_Instructions to follow_:
When the line containing "中宣部副部长、中央广播电视总" appears in the data below, begin copying there and stop only after the line containing "這名女子在PTT上分享,近期".

_Entries provided_:
_ _ _ _
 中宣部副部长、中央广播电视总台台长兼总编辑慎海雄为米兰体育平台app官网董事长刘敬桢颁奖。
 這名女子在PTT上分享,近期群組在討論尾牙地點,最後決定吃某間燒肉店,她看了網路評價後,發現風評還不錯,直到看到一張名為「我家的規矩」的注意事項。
_ _ _ _
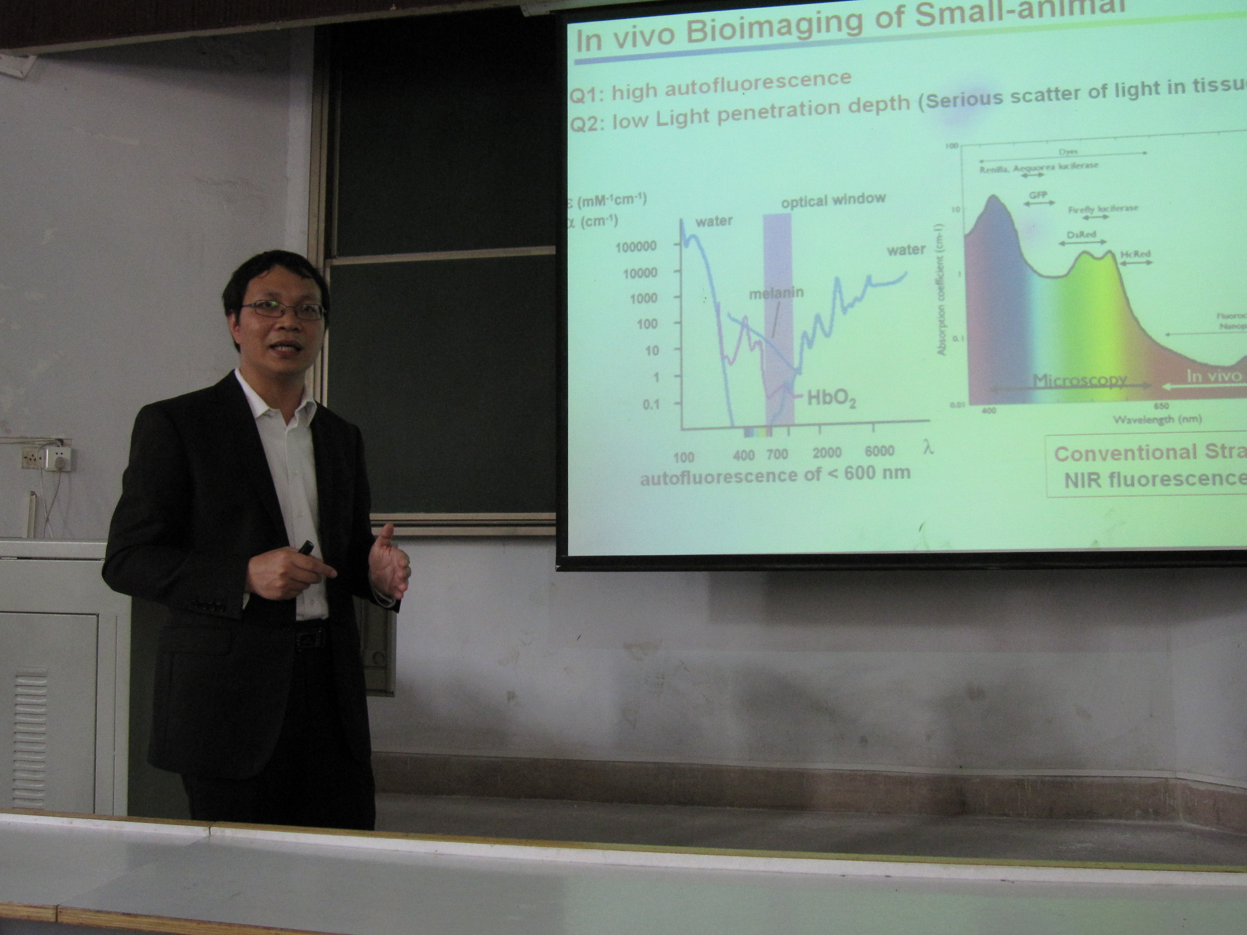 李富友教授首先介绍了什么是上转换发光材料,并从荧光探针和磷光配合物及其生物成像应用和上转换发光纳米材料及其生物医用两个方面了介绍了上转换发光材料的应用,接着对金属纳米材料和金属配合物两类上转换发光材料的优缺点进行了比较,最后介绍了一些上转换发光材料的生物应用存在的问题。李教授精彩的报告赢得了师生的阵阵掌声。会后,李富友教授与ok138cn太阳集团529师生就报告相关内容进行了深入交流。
_ _ _ _
_Response below_:
 中宣部副部长、中央广播电视总台台长兼总编辑慎海雄为米兰体育平台app官网董事长刘敬桢颁奖。
 這名女子在PTT上分享,近期群組在討論尾牙地點,最後決定吃某間燒肉店,她看了網路評價後,發現風評還不錯,直到看到一張名為「我家的規矩」的注意事項。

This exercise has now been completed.